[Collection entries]
╭──
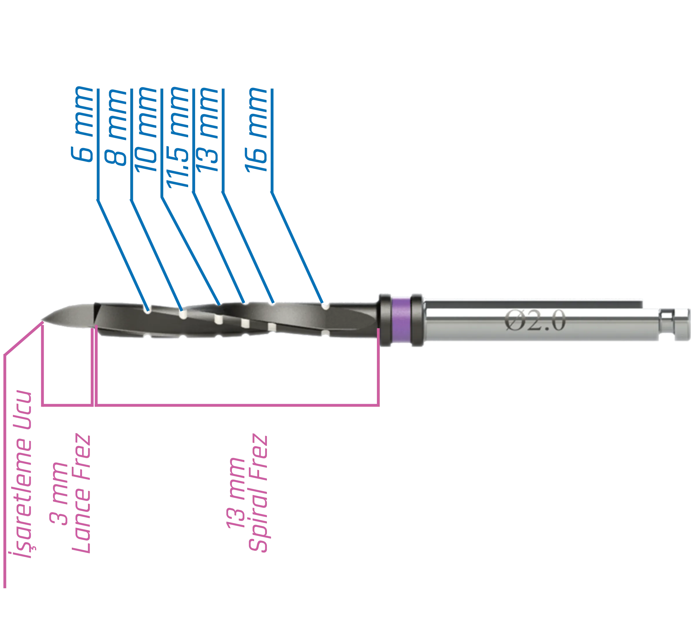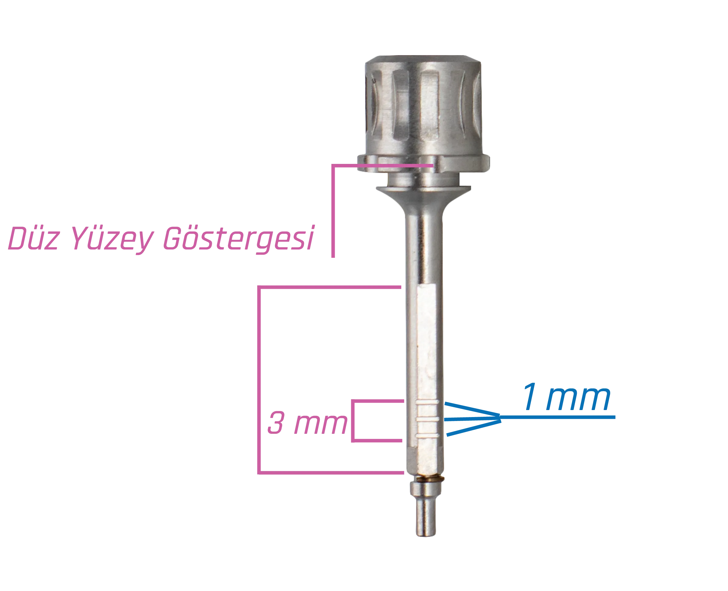 Complete Cerrahi Kit'teki implant anahtarlarında, ölçüm yapmayı kolaylaştıran işaretlemeler bulunur.
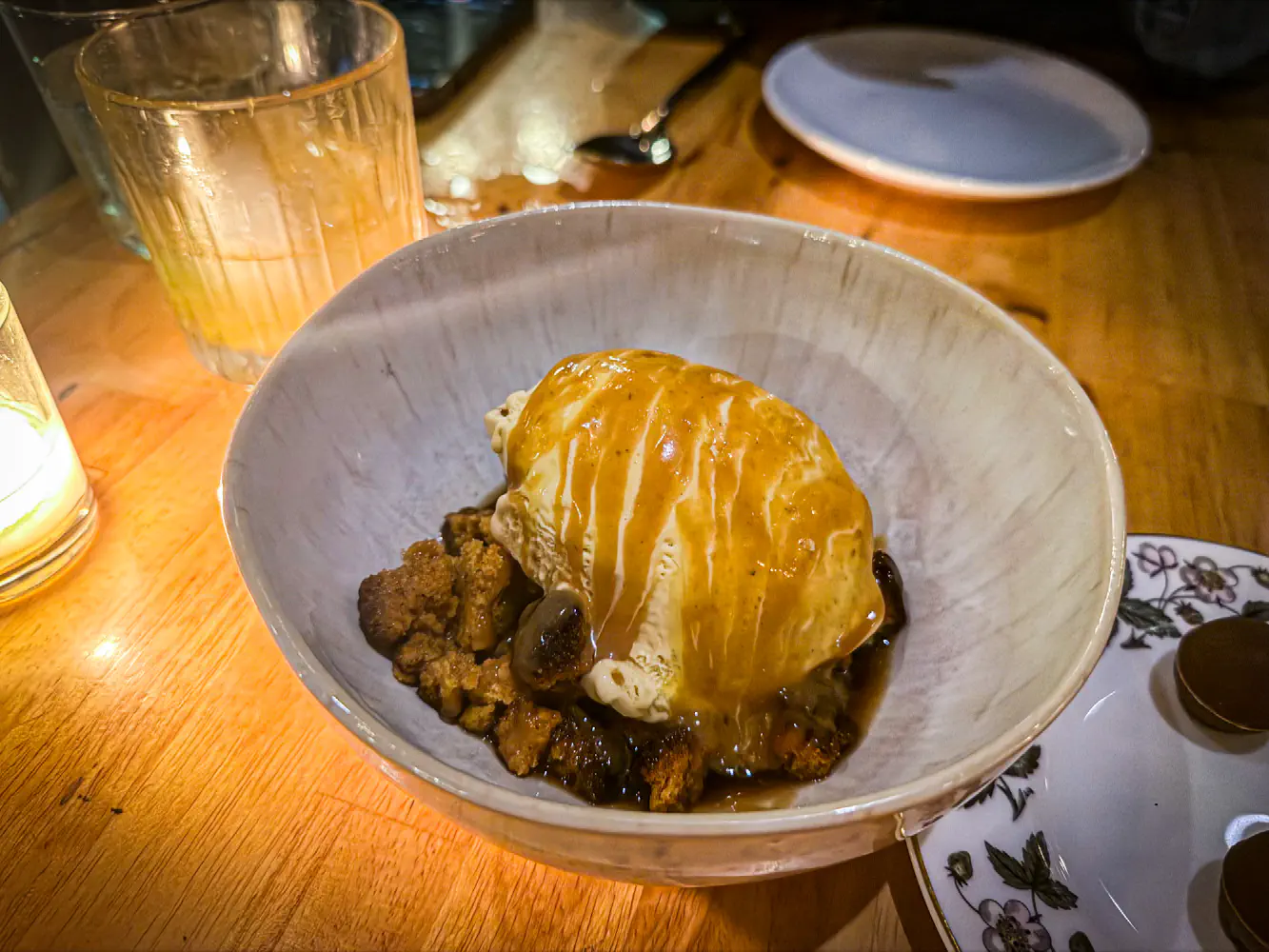 For dessert, we got the Corn Affogato (17) which was sweet corn ice cream, miso caramel, and corn “espresso”. I thought this was pretty good though my partner didn’t like it. The miso caramel was probably too odd of a creation where it was salty and sweet at the same time. The ice cream was actually not as corn-forward as I thought it’d be, but I thought it was pretty good. There were some nice crunchy pieces along the side, which reminded me of hardened, dense corn flakes.
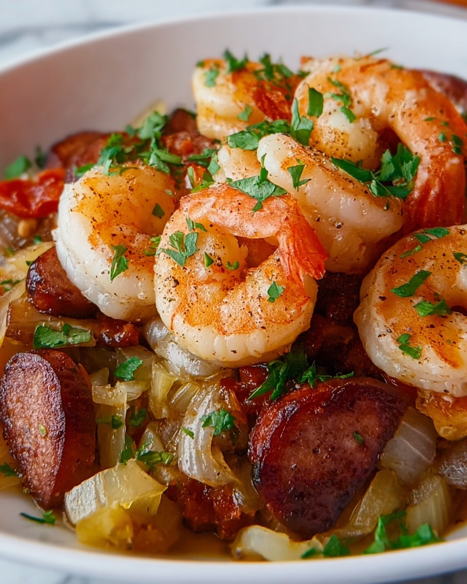 A hearty and flavorful Shrimp and Sausage Cabbage Bowl featuring tender shrimp, smoky sausage, and sautéed cabbage seasoned with smoked paprika and garlic spices. This quick and easy stovetop dish is perfect for a satisfying weeknight meal, combining protein and vegetables in a well-seasoned, wholesome bowl.
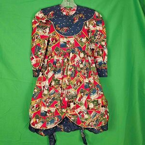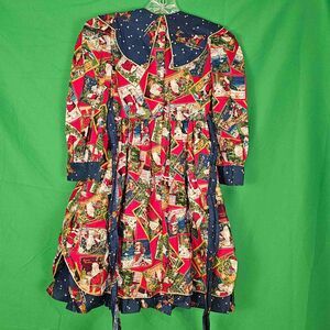 Vintage Sarah Kent Girls Christmas Santa Sleigh Dress 6X Postcard Patchwork
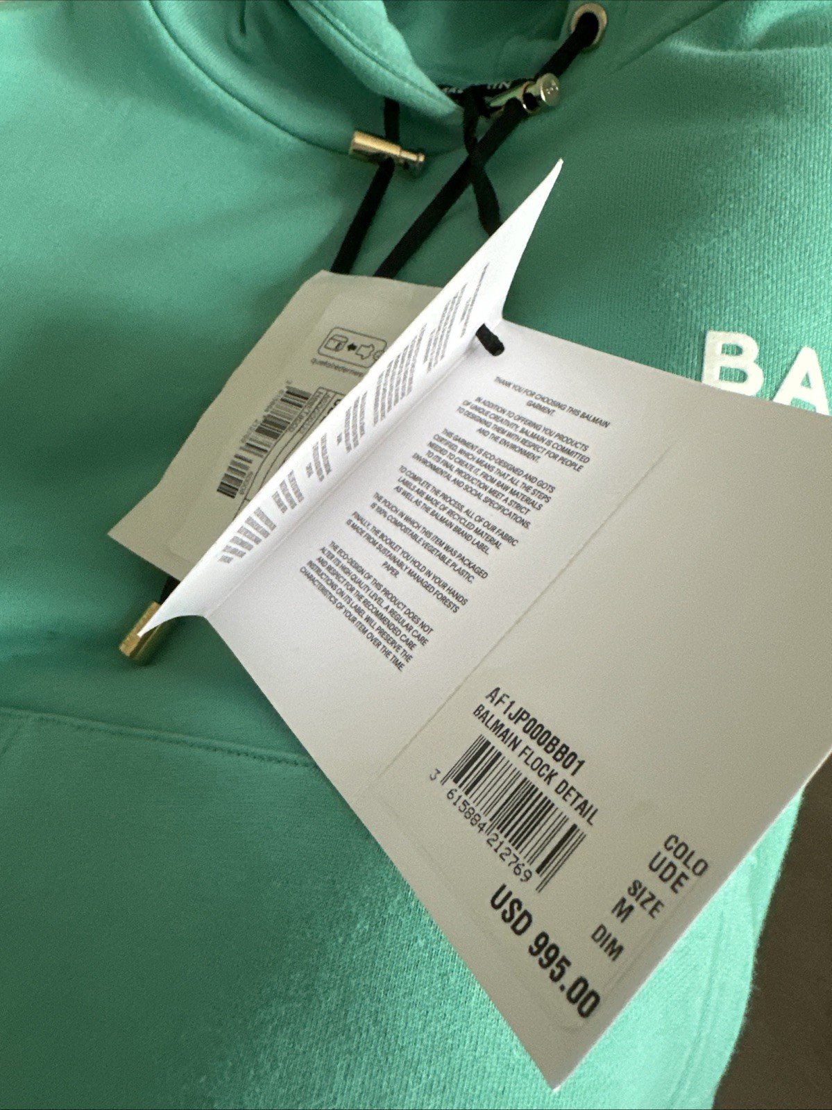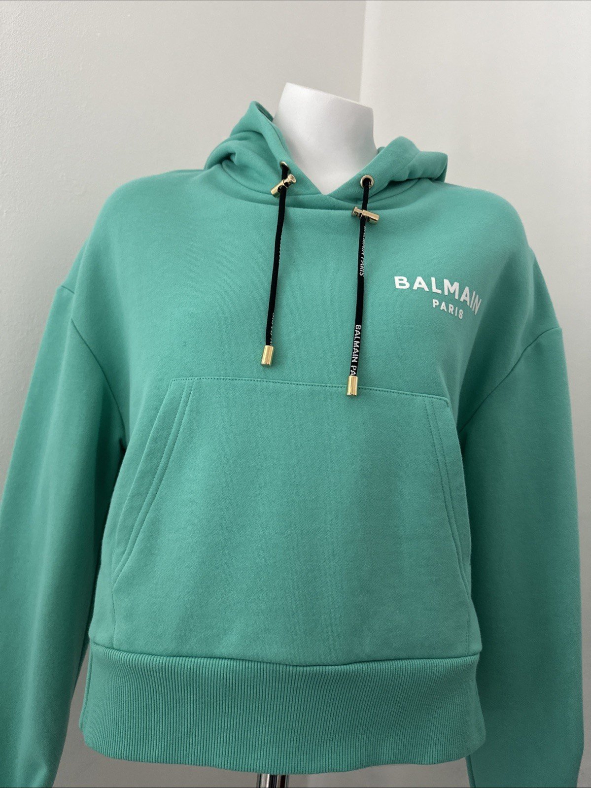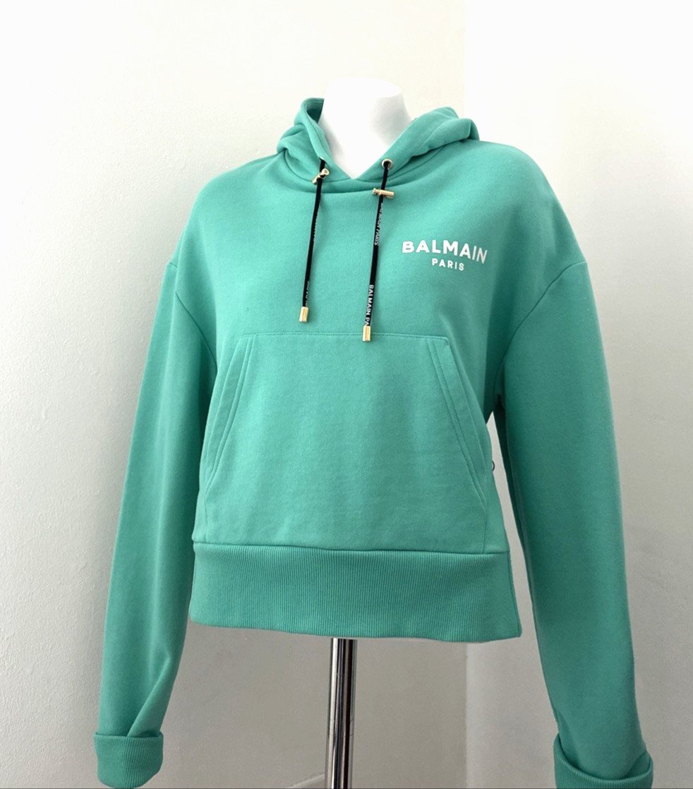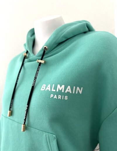 Be the first to review “BALMAIN Flocked Logo Women’s Hoodie | Sea Green / White | Size M”
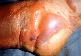 Infection of soft tissues with the anaerobic Clostridium perfringens may lead to gas gangrene. Clostridia are endosporing soil bacteria which gain entry through a wound. In deeper wounds, anaerobic conditions favor germination and growth of Clostridia, where they then produce numerous exotoxins, including several lethal toxins, hemolysins, lecithinase, collagenase, protease, hyaluronidase and other tissue degrading enzymes. Soft tissue infections result in cellulitis or myositis which can deteriorate into myonecrosis (gangrene) with death of tissue and resulting oxygen deprivation.
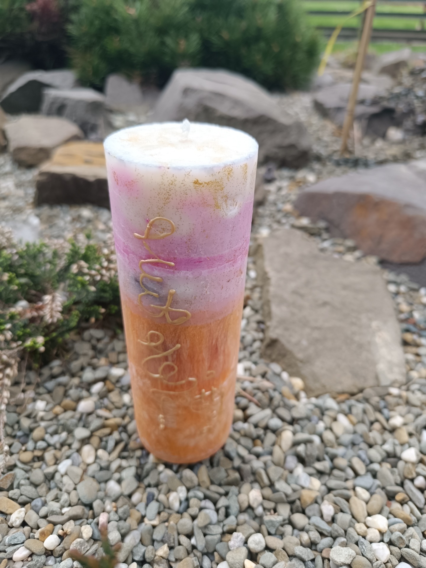 SVÍCE JE ZDOBENA ZLATÝM TŘPYTEM KTERÁ PŘITAHUJE NOVOU ENERGII A BLOKUJE VŠE NEGATIVNÍ. SVÍCE HOŘÍ PODLE TOHO JAK ZPRACOVÁVÁ DANÉ TÉMA TVOJE DUŠE. VE SVÍCÍ SE NACHÁZÍ ČISTÁ ENERGIE ZE ZDROJE.
╰──
From the records above, copy exactly the stretch from the line holding "Vintage Sarah Kent" through the line holding "Be the first", both ends included, without the pictures.

 Vintage Sarah Kent Girls Christmas Santa Sleigh Dress 6X Postcard Patchwork
 Be the first to review “BALMAIN Flocked Logo Women’s Hoodie | Sea Green / White | Size M”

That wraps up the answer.